SOURCE MATERIAL
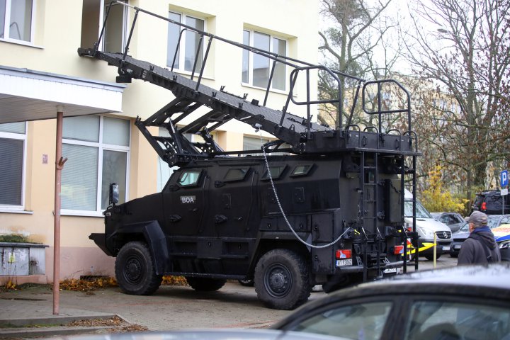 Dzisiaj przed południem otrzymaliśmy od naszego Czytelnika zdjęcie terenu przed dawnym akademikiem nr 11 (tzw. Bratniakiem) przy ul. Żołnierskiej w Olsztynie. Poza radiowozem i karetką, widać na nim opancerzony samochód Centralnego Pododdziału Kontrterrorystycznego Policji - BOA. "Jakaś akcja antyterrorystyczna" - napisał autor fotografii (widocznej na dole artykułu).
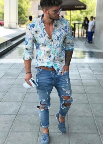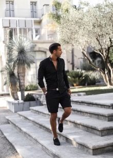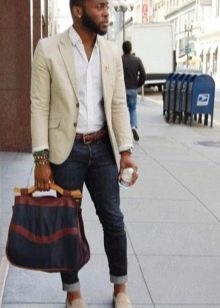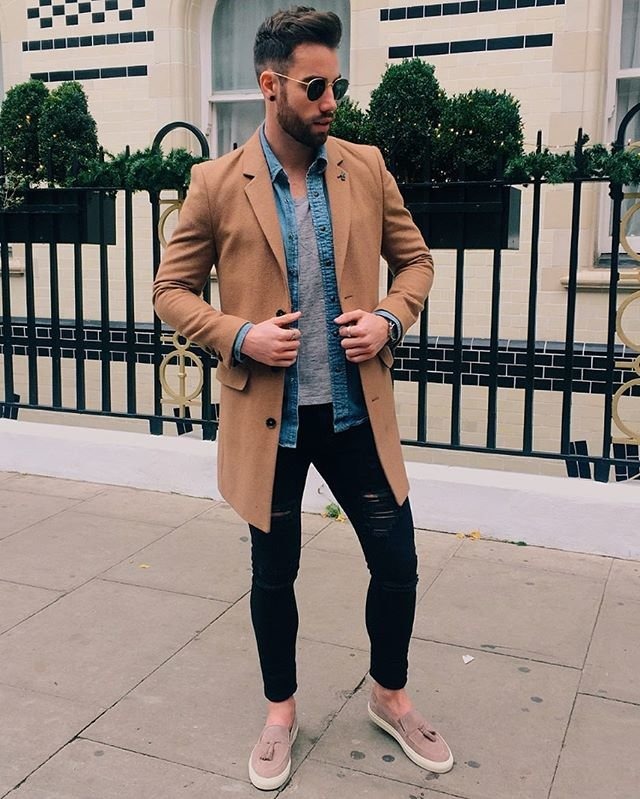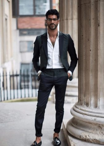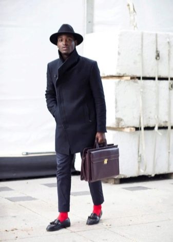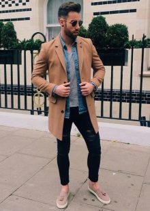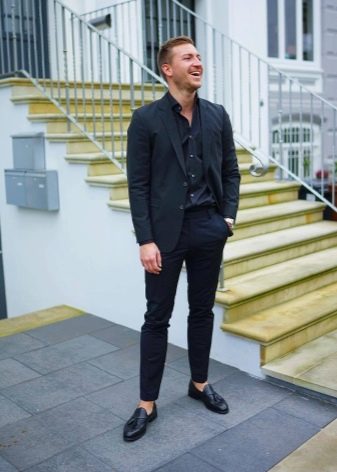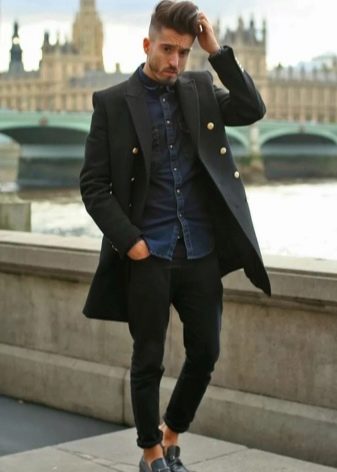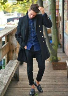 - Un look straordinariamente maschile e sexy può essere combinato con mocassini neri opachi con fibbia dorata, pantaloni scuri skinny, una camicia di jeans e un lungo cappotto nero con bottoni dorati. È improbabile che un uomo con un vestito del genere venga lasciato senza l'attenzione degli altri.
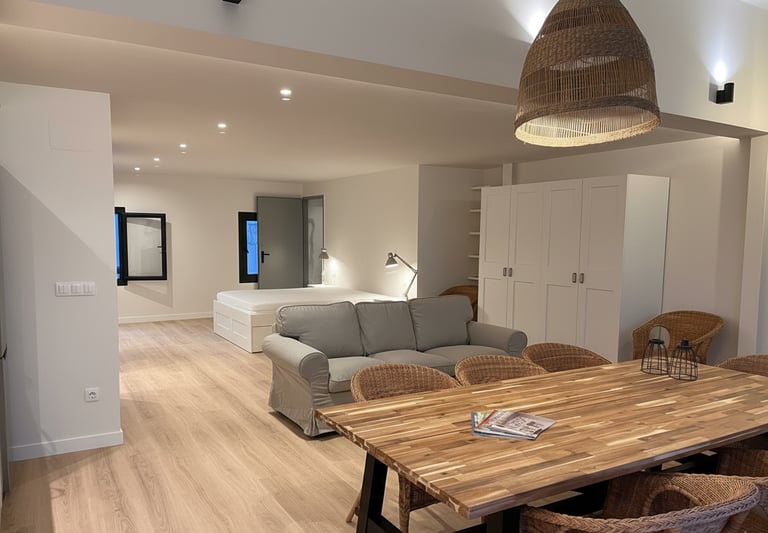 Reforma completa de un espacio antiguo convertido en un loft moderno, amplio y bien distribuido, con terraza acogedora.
---
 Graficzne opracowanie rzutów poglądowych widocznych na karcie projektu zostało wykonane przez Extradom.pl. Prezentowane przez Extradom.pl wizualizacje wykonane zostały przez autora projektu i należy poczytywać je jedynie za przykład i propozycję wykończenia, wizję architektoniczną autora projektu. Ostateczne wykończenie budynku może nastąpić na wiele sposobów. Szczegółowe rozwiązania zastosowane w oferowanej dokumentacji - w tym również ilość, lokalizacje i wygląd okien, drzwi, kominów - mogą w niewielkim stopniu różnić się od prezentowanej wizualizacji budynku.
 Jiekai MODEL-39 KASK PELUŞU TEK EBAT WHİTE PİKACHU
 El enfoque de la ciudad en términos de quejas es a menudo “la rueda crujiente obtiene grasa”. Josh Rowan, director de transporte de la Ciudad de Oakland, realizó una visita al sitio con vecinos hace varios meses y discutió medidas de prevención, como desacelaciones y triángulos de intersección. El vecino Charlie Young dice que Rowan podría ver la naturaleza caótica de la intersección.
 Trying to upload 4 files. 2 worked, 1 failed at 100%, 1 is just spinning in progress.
---
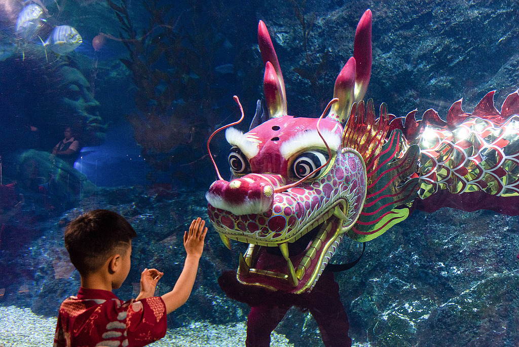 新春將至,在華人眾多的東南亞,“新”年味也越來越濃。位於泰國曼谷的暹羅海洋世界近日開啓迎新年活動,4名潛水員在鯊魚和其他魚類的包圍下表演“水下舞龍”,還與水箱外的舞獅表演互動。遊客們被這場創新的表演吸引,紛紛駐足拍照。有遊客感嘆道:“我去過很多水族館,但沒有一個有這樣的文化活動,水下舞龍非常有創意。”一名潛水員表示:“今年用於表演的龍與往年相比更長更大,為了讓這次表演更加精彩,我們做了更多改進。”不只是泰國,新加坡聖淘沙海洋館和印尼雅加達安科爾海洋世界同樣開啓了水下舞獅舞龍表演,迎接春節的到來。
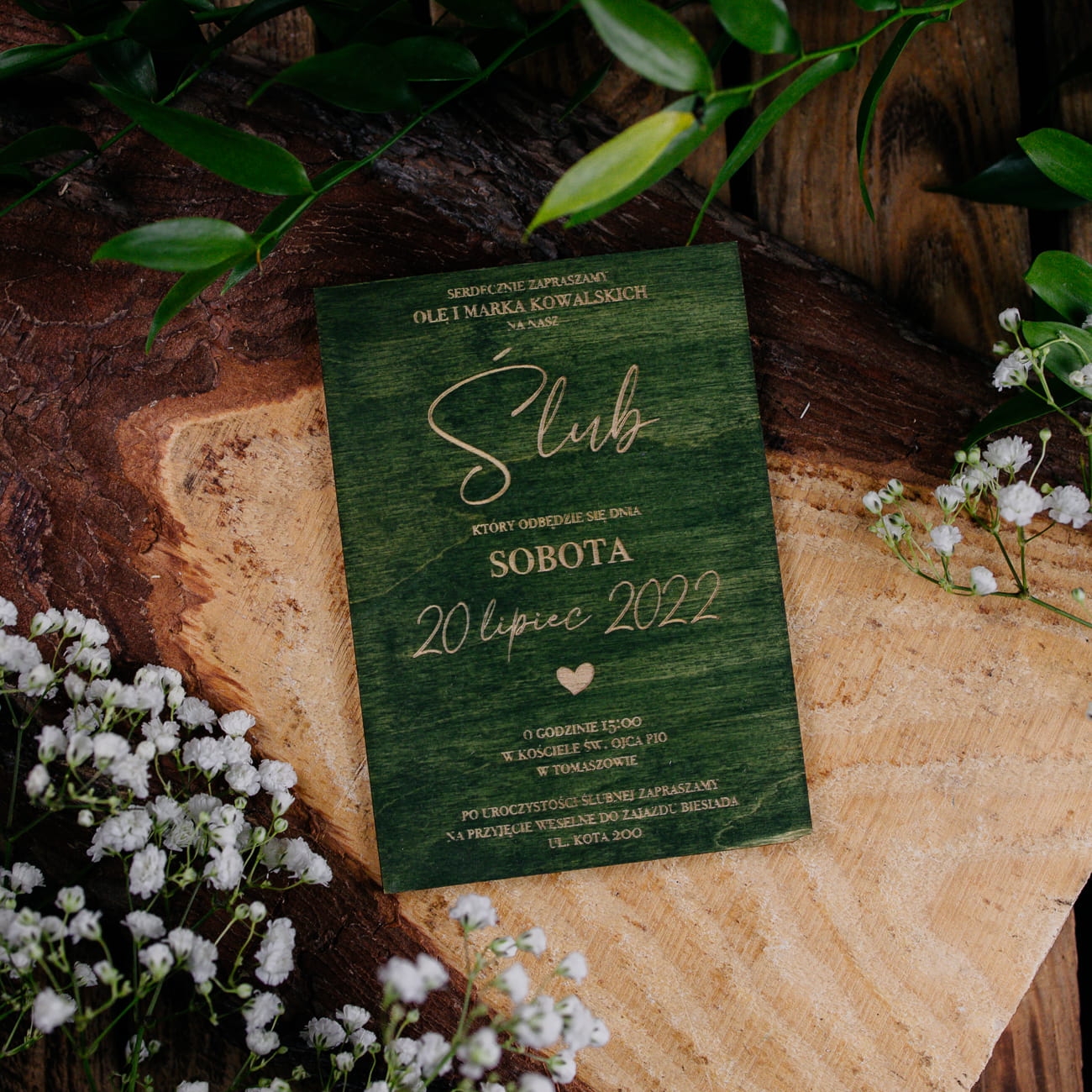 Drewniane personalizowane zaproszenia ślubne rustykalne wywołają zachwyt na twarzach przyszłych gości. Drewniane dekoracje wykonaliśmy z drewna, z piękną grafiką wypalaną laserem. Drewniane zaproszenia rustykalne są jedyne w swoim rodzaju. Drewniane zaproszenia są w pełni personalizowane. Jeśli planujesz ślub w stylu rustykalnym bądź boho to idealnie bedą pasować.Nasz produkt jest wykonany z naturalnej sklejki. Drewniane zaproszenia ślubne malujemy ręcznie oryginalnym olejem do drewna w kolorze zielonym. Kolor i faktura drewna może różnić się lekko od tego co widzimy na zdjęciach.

PROBLEM STATEMENT
From the data above, return every line from the line that has "Graficzne opracowanie rzutów" up to and including the line that has "Jiekai MODEL-39 KASK", exactly.

YOUR RESPONSE
 Graficzne opracowanie rzutów poglądowych widocznych na karcie projektu zostało wykonane przez Extradom.pl. Prezentowane przez Extradom.pl wizualizacje wykonane zostały przez autora projektu i należy poczytywać je jedynie za przykład i propozycję wykończenia, wizję architektoniczną autora projektu. Ostateczne wykończenie budynku może nastąpić na wiele sposobów. Szczegółowe rozwiązania zastosowane w oferowanej dokumentacji - w tym również ilość, lokalizacje i wygląd okien, drzwi, kominów - mogą w niewielkim stopniu różnić się od prezentowanej wizualizacji budynku.
 Jiekai MODEL-39 KASK PELUŞU TEK EBAT WHİTE PİKACHU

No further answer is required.